The data study breaks the median down by district and by offense category, so you can pull the recorded distribution for the specific charge in front of you, with a downloadable CSV and the full methodology.
Open the federal sentencing-disparity data study →Reference
For the full ranking of district medians, the offense-controlled cuts, and the methodology, with a downloadable CSV and JSON, see the federal sentencing-disparity data study. For the full set of free federal sentencing studies, start at the federal sentencing data hub.
Common questions
- What is inter-district federal sentencing disparity?
- It is the variation in the sentence imposed for federal offenses depending on which of the 94 federal judicial districts hears the case. Across 378,458 individual-offender records in the public USSC datafile (FY2020–FY2025), the national median prison sentence is 21 months, but the district median ranges from 4 months in D. New Mexico to 87 months in S.D. Iowa, a 21.8× spread. That range is a descriptive summary of past records, not a prediction of any one case.
- How do attorneys use disparity evidence in a sentencing argument?
- The federal sentencing statute directs a court to consider "the need to avoid unwarranted sentence disparities among defendants with similar records who have been found guilty of similar conduct" (18 U.S.C. § 3553(a)(6)). Attorneys read that factor as a footing to place a proposed sentence against the recorded distribution for the same charge and criminal-history profile, so the argument is grounded in the aggregate data rather than an assertion. The aggregate figures orient that argument; they do not decide it, and they do not measure any judge.
- Does a higher district median prove that district's bench is more severe?
- No, not by itself. A district's overall median reflects its case mix as much as its bench. The border districts post low medians largely because their dockets are heavy with high-volume, low-level immigration cases, not because their judges are lenient on serious crime. That is why the study also reports the median within a single charge type, where the geographic gap still holds. Read the figures as descriptive, not as a finding about any court or judge.
- Does the geographic gap survive controlling for the offense?
- Yes.

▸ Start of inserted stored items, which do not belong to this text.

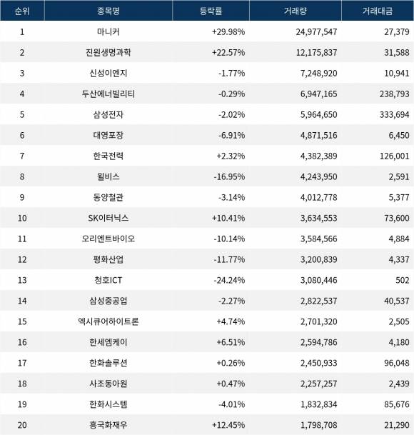 한편 거래량 상위 20위권 종목들은 오리엔트바이오(002630) ▼-10.14%, 평화산업(090080) ▼-11.77%, 청호ICT(012600) ▼-24.24%, 삼성중공업(010140) ▼-2.27%, 엑시큐어하이트론(019490) ▲4.74%, 한세엠케이(069640) ▲6.51%, 한화솔루션(009830) ▲0.26%, 사조동아원(008040) ▲0.47%, 한화시스템(272210) ▼-4.01%, 흥국화재우(000545) ▲12.45% 등의 성적을 기록했다.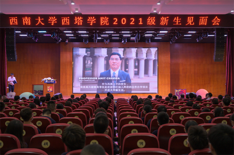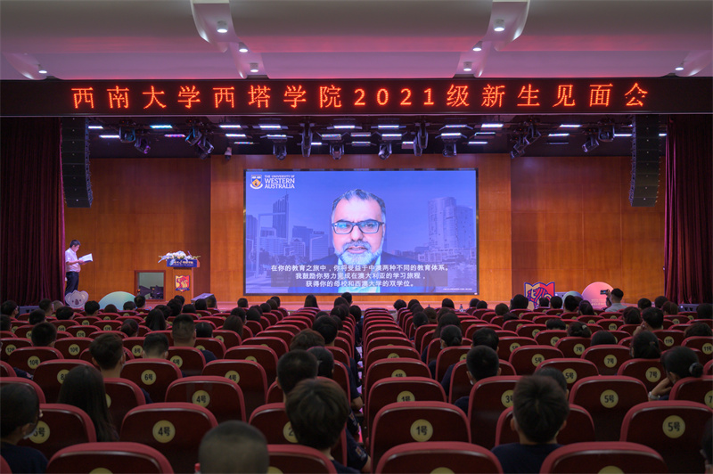 受疫情影响,合作高校领导未能亲临现场。西澳大学董事长Amit Chakma教授发来视频致辞,向2021级西塔新生表示热烈欢迎,强调参与大学丰富活动的重要性,并向新生们介绍了排名世界百强的西澳大学在学术研究、创新创业以及校园环境上的卓越平台。西澳大学常务副董事长Tayyeb shah教授在视频中表示参与两校的教育之旅将受益于两种不同的教育体系,获得高质量的教育和国际体验。
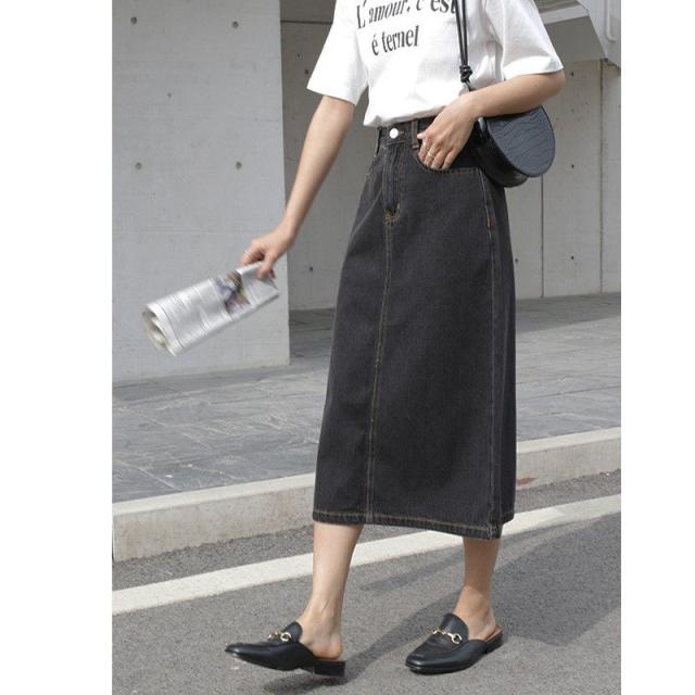 デニムスカート ロング丈 レディース スカート ストレッチ ブックスリット 体型カバー ブラック 夏 春 秋 普段着 着やすい 美しいボディライン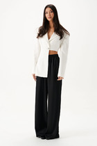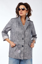 Жакет полуприлегающего силуэта, на подкладке; воротник пиджачного типа; рукава втачные; по переду функциональные прорезные карманы; застежка двубортная на петли и пуговицы.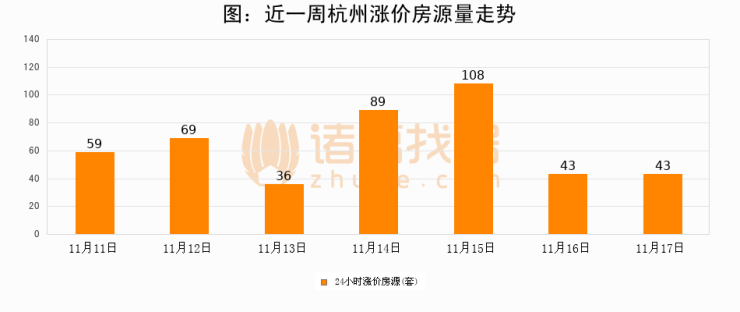 根据诸葛找房数据显示,杭州24小时涨价房源量为43套,较11月16日持平。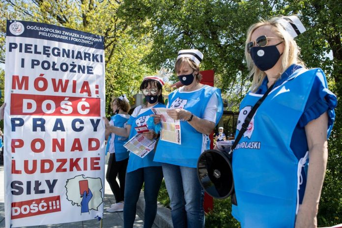 „Epidemia obnażyła, jak bardzo nas brakuje przy łóżkach chorych. W najbliższych pięciu latach z zawodu odejdzie 100 tys. pielęgniarek, z kolei pracę w zawodzie rozpocznie zaledwie 20 tysięcy” – podkreślała Krystyna Ptok, przewodnicząca Ogólnopolskiego Związku Zawodowego Pielęgniarek i Położnych (OZZPiP).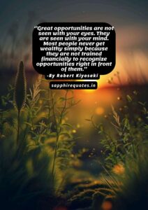 64) ”Great opportunities are not seen with your eyes. They are seen with your mind. Most people never get wealthy simply because they are not trained financially to recognize opportunities right in front of them.”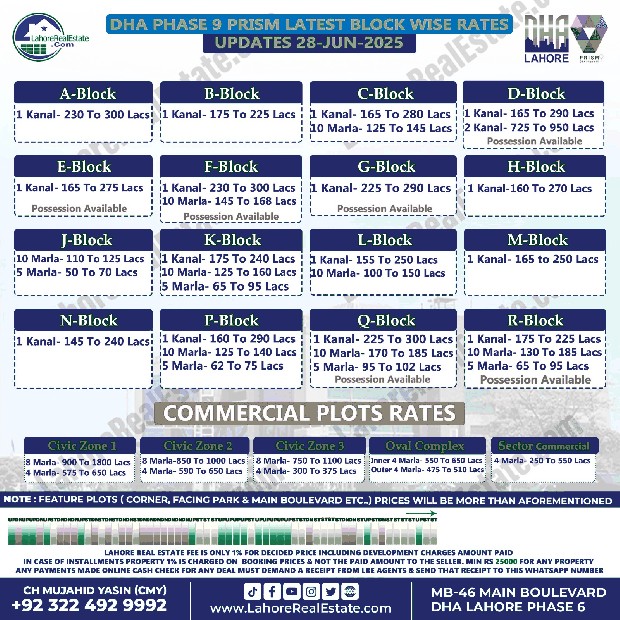 DHA Lahore Phase 9 Prism Plot Prices Blockwise Rates June 30, 2025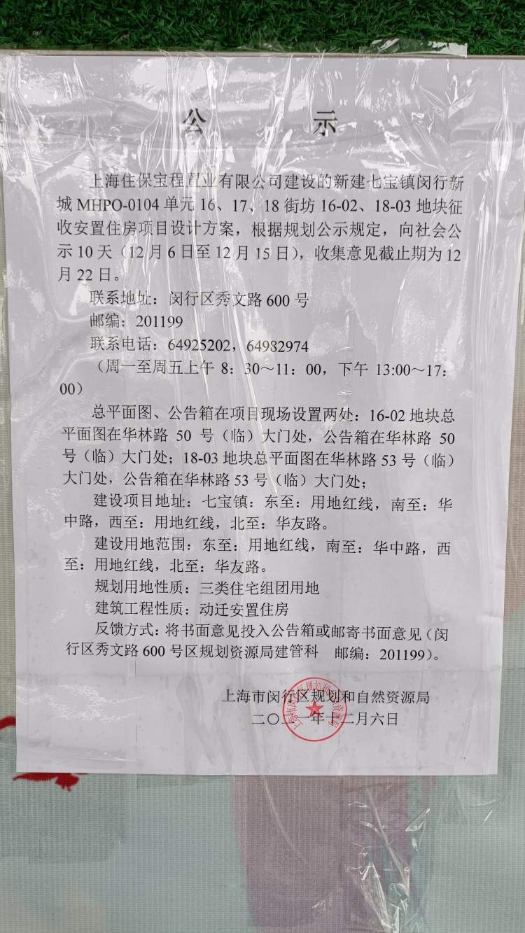上海住保宝程置业有限公司建设的新建七宝镇闵行新城MHPO-0104单元16、17、18街坊16-02、18-03地块征收安置住房项目设计方案,根据规划公示规定,向社会公示10天(12月6日至12月15日),收集意见截止期为12月22日。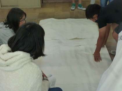 算数科では、面積の学習をしています。面積の単位や求め方などを学習し、今回、教室の面積はどのくらいなのかを実際に調べました。今後も、ぜひ身の回りのものの面積を調べたり学習を広げていったりしてもらえると嬉しいです。

For drug-trafficking cases, one of the two largest federal offense categories by count (n=107,244), the district median ranges from 12 to 132 months across the 92 districts with at least 100 such cases, against a national median of 60 months. Firearms, fraud, and immigration cases show the same pattern. Holding the charge constant isolates more, but not all, of the local charging-culture and judicial component.
- Where does the data come from and can it be reproduced?
- The figures are a descriptive aggregate of the 378,458 FY2020–FY2025 individual-offender records in the public U.S. Sentencing Commission datafile, snapshot 2026-06-26. Each district figure is the median (50th percentile) of total prison months for records with a numeric prison term; probation-only and life-coded terms are excluded from the median. Every number is reproducible from the public source by re-running the published analysis script, and the analysis identifies no individual. The full breakdown by district and by charge is in the companion data study.
This guide is general legal-information for practitioners, not legal advice, and the figures are descriptive aggregates over past public records, not a prediction of any specific case. Confirm every figure against the underlying data and the applicable statute and guideline before relying on it.